## INFORMATION SHOWN

==============================

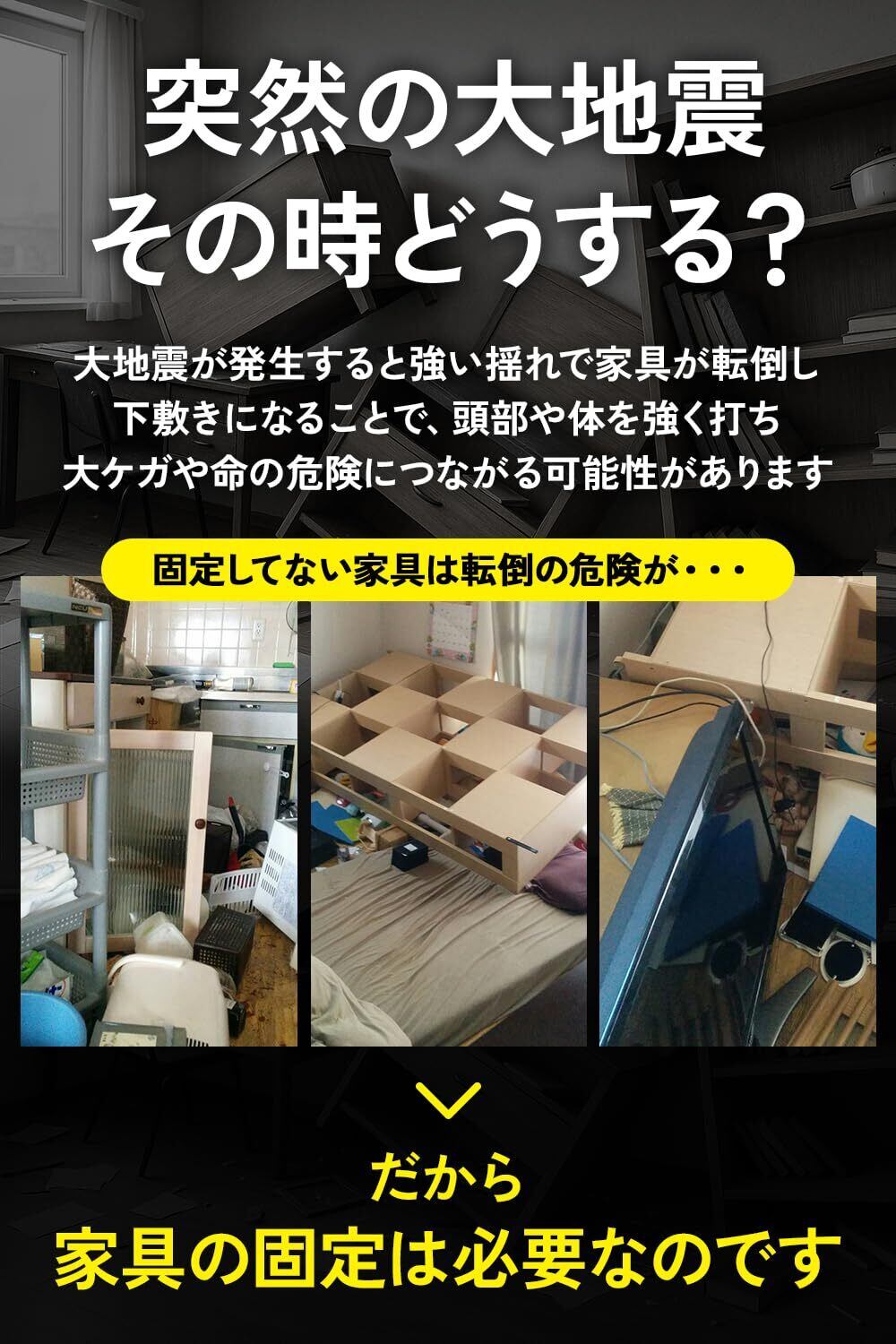 **頑丈な素材を使用しており、地震時の揺れに耐えられます!** 家具の転倒を防ぎ、ご家庭の安全を守ります。
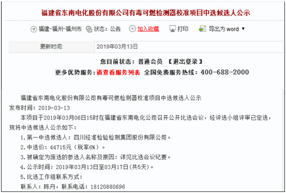 2019313日,計量分公司成功中得福建省東南電化股份有限公司有毒可燃檢測器校準項目,實現了沿海城市計量招標項目 “零”的突破,標志著公司業務已開始涉及沿海城市,為公司下步業務拓展指明了方向。
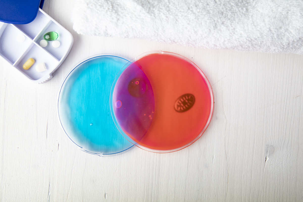 Átlátszó, újrahasználható melegítő tasak színes géllel.

==============================

## WHAT THE TASK REQUIRES
Set down all the lines above exactly as they appear, with no pictures.

## FINISHED EXERCISE
 **頑丈な素材を使用しており、地震時の揺れに耐えられます!** 家具の転倒を防ぎ、ご家庭の安全を守ります。
 2019313日,計量分公司成功中得福建省東南電化股份有限公司有毒可燃檢測器校準項目,實現了沿海城市計量招標項目 “零”的突破,標志著公司業務已開始涉及沿海城市,為公司下步業務拓展指明了方向。
 Átlátszó, újrahasználható melegítő tasak színes géllel.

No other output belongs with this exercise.